What you are asked to do: Retype the whole listing, please, keeping every line exact and dropping the pictures.

Information provided:
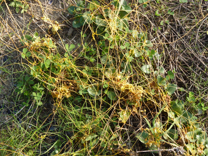 Cuscuta epithymum su Medicago sativa (Erbario L. Poggiani), Fano, agosto 1986
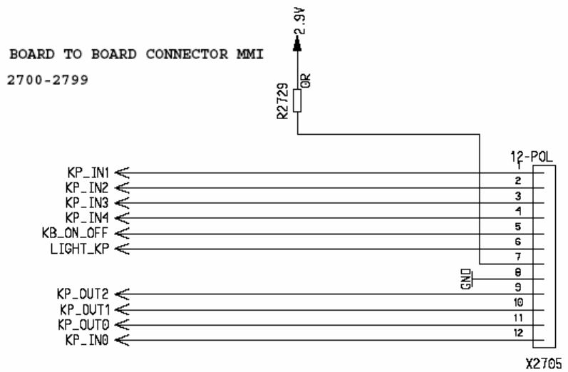 The lines KPOUT0 – KPOUT2 and KPIN0 – KPIN4 are connected with the SGOLDLITE.
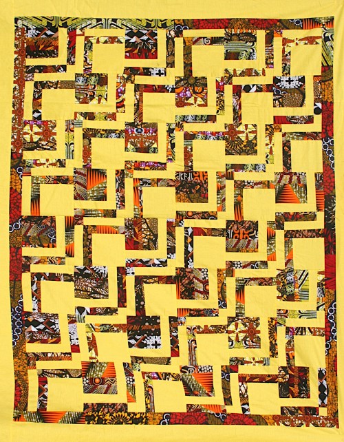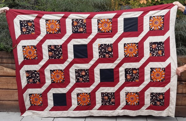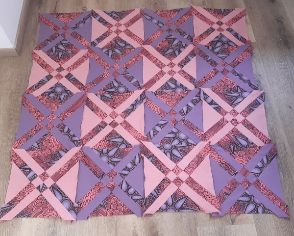 V létě v roce 2023 jsem dostala nabídku spolupráce a ráda ji přijala a začala na plné obrátky na tomto projektu pracovat a společně připravovat výstavu v Praze. Bohužel během spolupráce se vyskytly problémy a poslední den výstavy byla spolupráce ukončena a já přišla o možnost dále s africkými látkami pracovat. Jelikož mi ale zbyly úplně malinké kousky, chtěla jsem si uchovat na afriku vzpomínku a tak jsem je rozdělila podle barev na 3 skupiny a z každé skupiny ušila 24 čtverců. Tyto čtverce jsem zkombinovala podle barev se žlutou, červenou a hořčicovou a vytvořila tři jednoduché vzory ze čtverců 25×25 cm jeden čtverec afrika a jeden čtverec jednobarevná látka a vznikly tyto 3 krásky.

Answer space:
 Cuscuta epithymum su Medicago sativa (Erbario L. Poggiani), Fano, agosto 1986
 The lines KPOUT0 – KPOUT2 and KPIN0 – KPIN4 are connected with the SGOLDLITE.
 V létě v roce 2023 jsem dostala nabídku spolupráce a ráda ji přijala a začala na plné obrátky na tomto projektu pracovat a společně připravovat výstavu v Praze. Bohužel během spolupráce se vyskytly problémy a poslední den výstavy byla spolupráce ukončena a já přišla o možnost dále s africkými látkami pracovat. Jelikož mi ale zbyly úplně malinké kousky, chtěla jsem si uchovat na afriku vzpomínku a tak jsem je rozdělila podle barev na 3 skupiny a z každé skupiny ušila 24 čtverců. Tyto čtverce jsem zkombinovala podle barev se žlutou, červenou a hořčicovou a vytvořila tři jednoduché vzory ze čtverců 25×25 cm jeden čtverec afrika a jeden čtverec jednobarevná látka a vznikly tyto 3 krásky.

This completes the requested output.